*** Opening Task inputs ***

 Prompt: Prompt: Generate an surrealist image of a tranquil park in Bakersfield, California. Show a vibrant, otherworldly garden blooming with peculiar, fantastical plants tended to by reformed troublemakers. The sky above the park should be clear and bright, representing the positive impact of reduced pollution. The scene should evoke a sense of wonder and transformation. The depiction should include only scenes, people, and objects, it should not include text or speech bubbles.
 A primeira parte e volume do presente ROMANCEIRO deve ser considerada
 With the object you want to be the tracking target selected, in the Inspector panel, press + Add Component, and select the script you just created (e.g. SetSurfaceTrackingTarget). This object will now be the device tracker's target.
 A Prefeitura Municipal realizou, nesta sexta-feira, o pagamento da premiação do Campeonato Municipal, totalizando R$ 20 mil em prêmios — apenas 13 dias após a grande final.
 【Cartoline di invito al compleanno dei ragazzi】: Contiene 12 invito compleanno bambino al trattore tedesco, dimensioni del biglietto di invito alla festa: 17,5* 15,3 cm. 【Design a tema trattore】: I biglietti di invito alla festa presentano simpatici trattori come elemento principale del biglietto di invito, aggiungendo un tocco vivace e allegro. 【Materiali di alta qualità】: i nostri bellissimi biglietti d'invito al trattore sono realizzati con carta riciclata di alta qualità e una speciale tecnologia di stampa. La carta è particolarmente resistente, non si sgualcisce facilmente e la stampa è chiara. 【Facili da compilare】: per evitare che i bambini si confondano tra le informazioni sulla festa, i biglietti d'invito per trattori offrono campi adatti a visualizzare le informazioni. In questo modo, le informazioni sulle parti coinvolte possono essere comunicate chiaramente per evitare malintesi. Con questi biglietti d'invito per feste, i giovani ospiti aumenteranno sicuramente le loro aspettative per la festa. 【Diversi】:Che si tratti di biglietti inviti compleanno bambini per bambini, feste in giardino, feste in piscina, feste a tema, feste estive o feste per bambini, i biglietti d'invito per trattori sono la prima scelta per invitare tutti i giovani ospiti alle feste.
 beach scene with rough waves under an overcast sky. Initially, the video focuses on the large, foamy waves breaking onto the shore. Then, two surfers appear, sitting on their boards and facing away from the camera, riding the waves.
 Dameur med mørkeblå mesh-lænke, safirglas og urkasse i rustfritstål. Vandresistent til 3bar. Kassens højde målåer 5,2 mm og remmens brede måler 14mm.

*** Closing Task inputs ***

● **Exercise goal**
Reproduce the full set of entries above exactly, without dropping a line.

● **Response**
 Prompt: Prompt: Generate an surrealist image of a tranquil park in Bakersfield, California. Show a vibrant, otherworldly garden blooming with peculiar, fantastical plants tended to by reformed troublemakers. The sky above the park should be clear and bright, representing the positive impact of reduced pollution. The scene should evoke a sense of wonder and transformation. The depiction should include only scenes, people, and objects, it should not include text or speech bubbles.
 A primeira parte e volume do presente ROMANCEIRO deve ser considerada
 With the object you want to be the tracking target selected, in the Inspector panel, press + Add Component, and select the script you just created (e.g. SetSurfaceTrackingTarget). This object will now be the device tracker's target.
 A Prefeitura Municipal realizou, nesta sexta-feira, o pagamento da premiação do Campeonato Municipal, totalizando R$ 20 mil em prêmios — apenas 13 dias após a grande final.
 【Cartoline di invito al compleanno dei ragazzi】: Contiene 12 invito compleanno bambino al trattore tedesco, dimensioni del biglietto di invito alla festa: 17,5* 15,3 cm. 【Design a tema trattore】: I biglietti di invito alla festa presentano simpatici trattori come elemento principale del biglietto di invito, aggiungendo un tocco vivace e allegro. 【Materiali di alta qualità】: i nostri bellissimi biglietti d'invito al trattore sono realizzati con carta riciclata di alta qualità e una speciale tecnologia di stampa. La carta è particolarmente resistente, non si sgualcisce facilmente e la stampa è chiara. 【Facili da compilare】: per evitare che i bambini si confondano tra le informazioni sulla festa, i biglietti d'invito per trattori offrono campi adatti a visualizzare le informazioni. In questo modo, le informazioni sulle parti coinvolte possono essere comunicate chiaramente per evitare malintesi. Con questi biglietti d'invito per feste, i giovani ospiti aumenteranno sicuramente le loro aspettative per la festa. 【Diversi】:Che si tratti di biglietti inviti compleanno bambini per bambini, feste in giardino, feste in piscina, feste a tema, feste estive o feste per bambini, i biglietti d'invito per trattori sono la prima scelta per invitare tutti i giovani ospiti alle feste.
 beach scene with rough waves under an overcast sky. Initially, the video focuses on the large, foamy waves breaking onto the shore. Then, two surfers appear, sitting on their boards and facing away from the camera, riding the waves.
 Dameur med mørkeblå mesh-lænke, safirglas og urkasse i rustfritstål. Vandresistent til 3bar. Kassens højde målåer 5,2 mm og remmens brede måler 14mm.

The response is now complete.